So, let’s imagine that your office is in Denver and on August 2 you sent an email to a supplier, also in Denver, with proprietary technical drawings of an export-controlled part. Your supplier has signed an NDA and has also certified that all of its employees are U.S. citizens or permanent residents. You haven’t exported that drawing, right? Or have you?
Consider this interesting bit of information:
For a brief time on Aug. 2, data traffic between two [internet service] providers in Denver didn’t just flow across town as it normally would. Instead the bits went to Iceland first, with stops in London, Montreal, New York, Dallas and Kansas City along the way.
Oh dear. That’s a problem. And it wasn’t something that just happened on one day in Denver.
The attack … targeted large Internet carriers in every major city in the U.S. and numerous major cities in Europe and around the world. …
The first incident took place during most of the month of February, when Internet traffic was silently redirected through an Internet service provider called GlobalOneBel, based in the Belarusian capital, Minsk. The targets of these attacks included financial institutions, government agencies and network service providers.
But that wasn’t the end of it.
These attacks occurred throughout February and into March. Then they stopped for awhile.
The attacks resumed in May, and almost right away the choke point switched from Belarus to Iceland. … Then they stopped again — until July. This time, the venue was again in Iceland. Beginning on July 31, traffic from a large VOIP company — Renesys wouldn’t name it — was diverted through an Internet service provider called Opin Kerfi [in Iceland].
As I’ve pointed out before, both BIS and DDTC have taken the position that any transmission of technical data outside the United States, even for a trillionth of a nanosecond** or less, is an export of the technical data. This, they say, is true even if no one in the foreign country actually sees or intercepts the message. And, even more astoundingly, this is true even if the message is encrypted and would be unintelligible to anyone but the intended domestic recipient. And although the fact that you didn’t intend the email to leave the country is only a defense to criminal charges, that is cold comfort when the civil fines, which don’t require showing intent, are $250,000 per violation.

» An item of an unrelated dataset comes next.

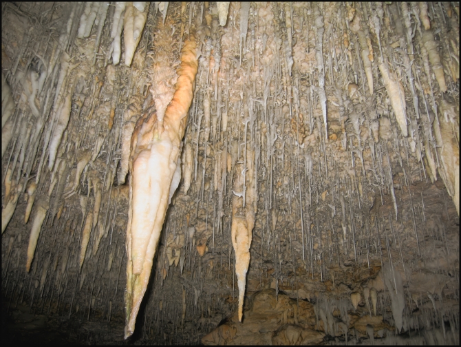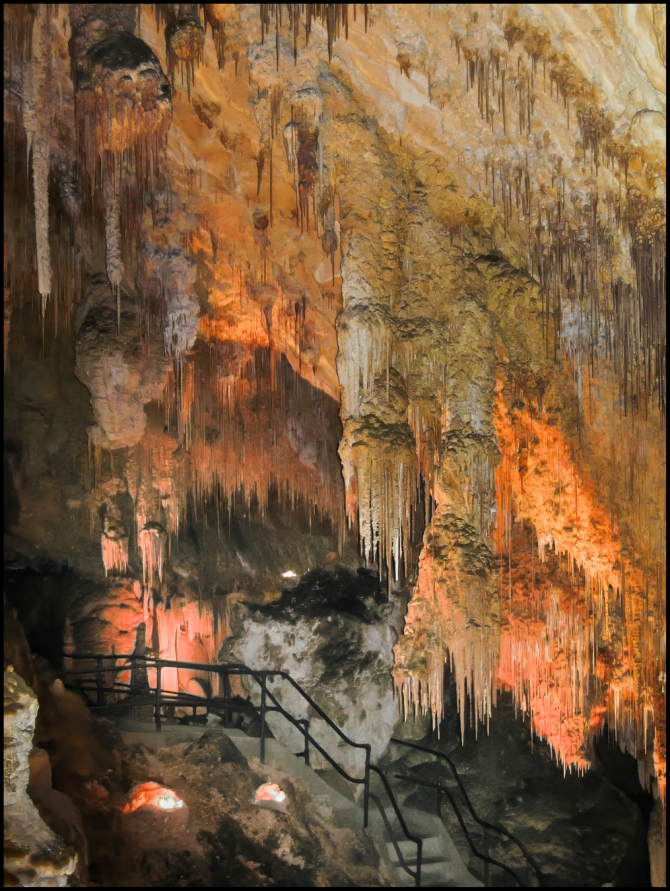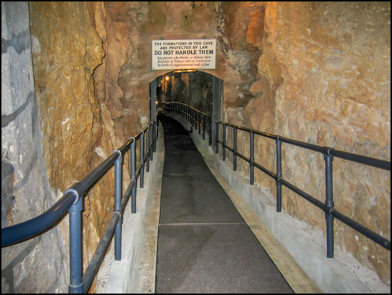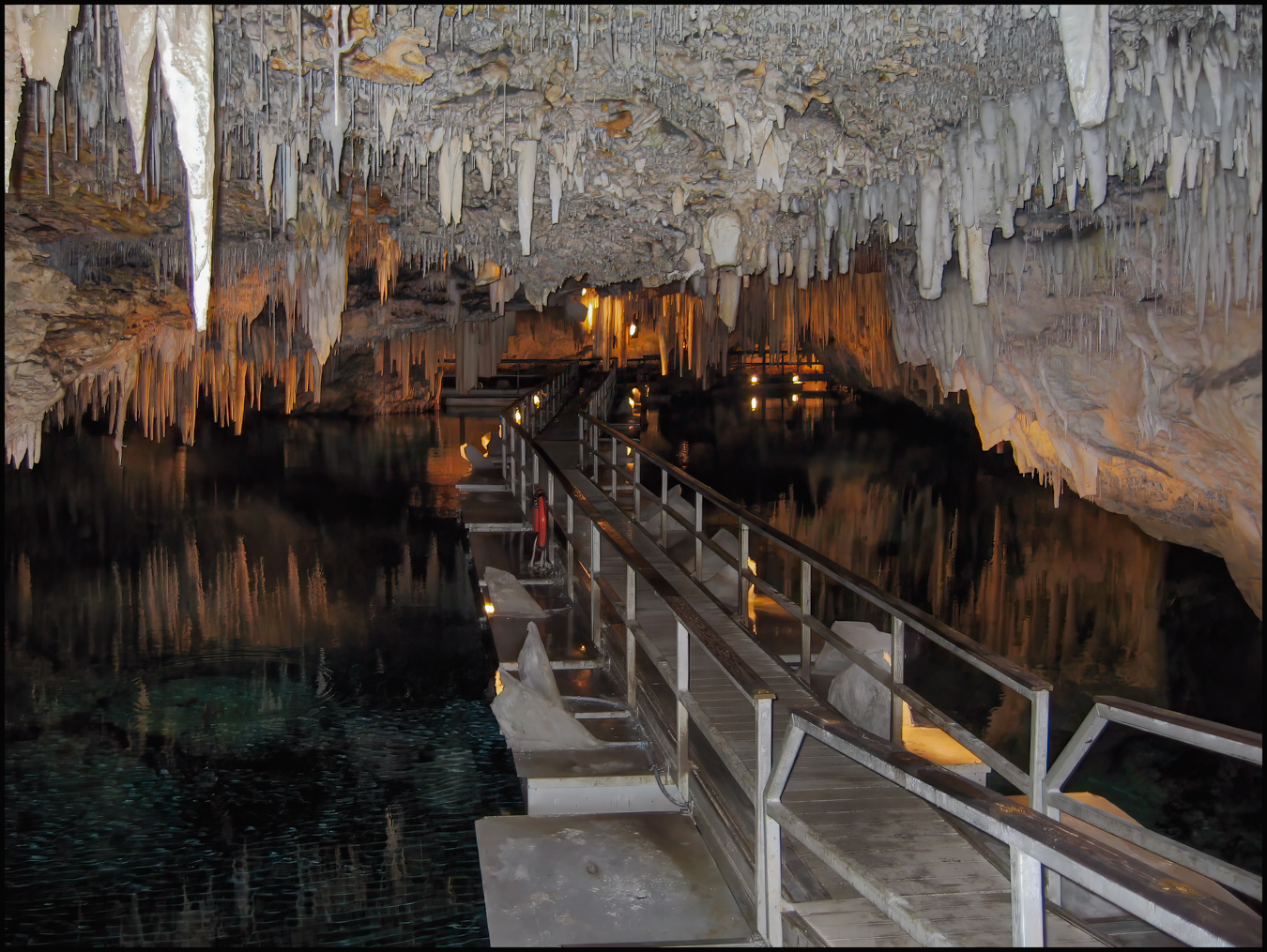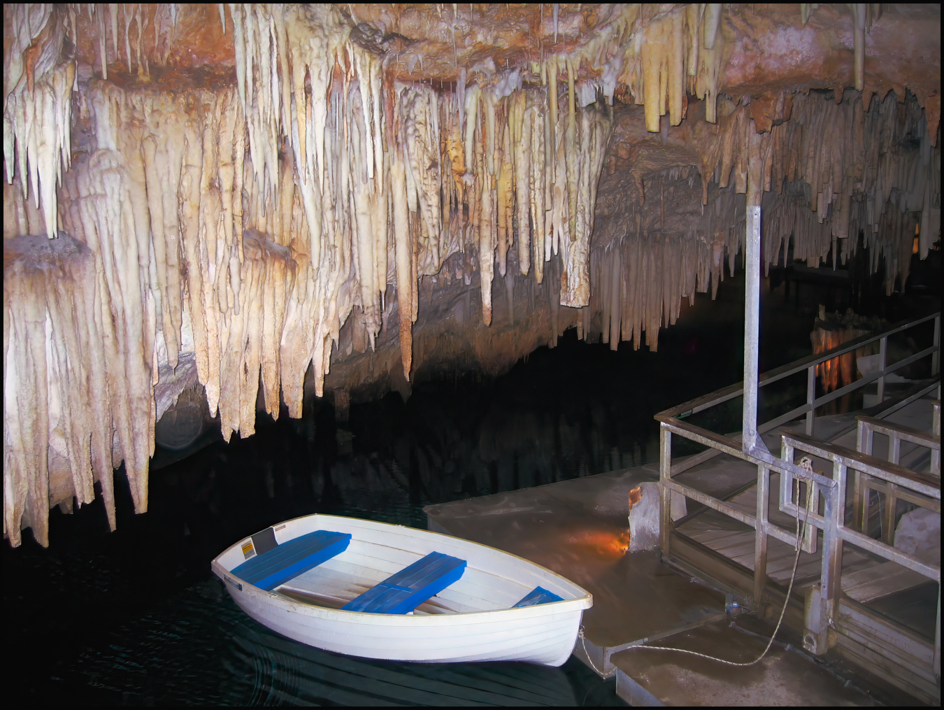 We went to Bermuda in April, 2005. Bermuda is a lovely place: picturesque, clean, well-organized – a sort of Switzerland in the North Atlantic. I was actually surprised that it was in the Atlantic as I’d always thought of it as being in the Caribbean. Nice though it is it’s also quite small and unless you want to spend all of your time in/at/around the water there’s not all that much to do. There are a few excursions though and one day we went on one of them: to these caves. From the entrance to the caves you go down a very steep set of steps. That finished my wife. She has a fear of heights and just couldn’t go down, so she said she wait for me outside. So down I went. I’m glad we went. I like caves and these were pretty impressive. Wikipedia describes them as follows:

So you’d better stop emailing technical data and send it by regular mail or bike messenger (as long as the bike messenger is a U.S. citizen or permanent resident, of course). Pneumatic tubes are another possible option for delivery.
All that being said, and given that the Luddite solution of forsaking the Internet may not be terribly practical, this is another reason to encrypt technical data that you are sending by email even if the recipient is a U.S. person firmly planted on U.S. soil. No, the encryption isn’t a defense to the violation, but it is at least a mitigating factor. Remember, as I posted last May, that the U.S. military thinks it can put ITAR-controlled technical data on a Chinese satellite if it’s encrypted; so if you don’t have anything else to say in your defense when an email with export controlled data accidentally wanders through Lithuania, you will at least have that. And maybe one day in the distant future, BIS and DDTC will admit that the Internet exists and that encryption works.
** For less technical readers, a trillionth of a nanosecond is approximately the time between when a red light changes to green and the cab driver behind you honks his horn.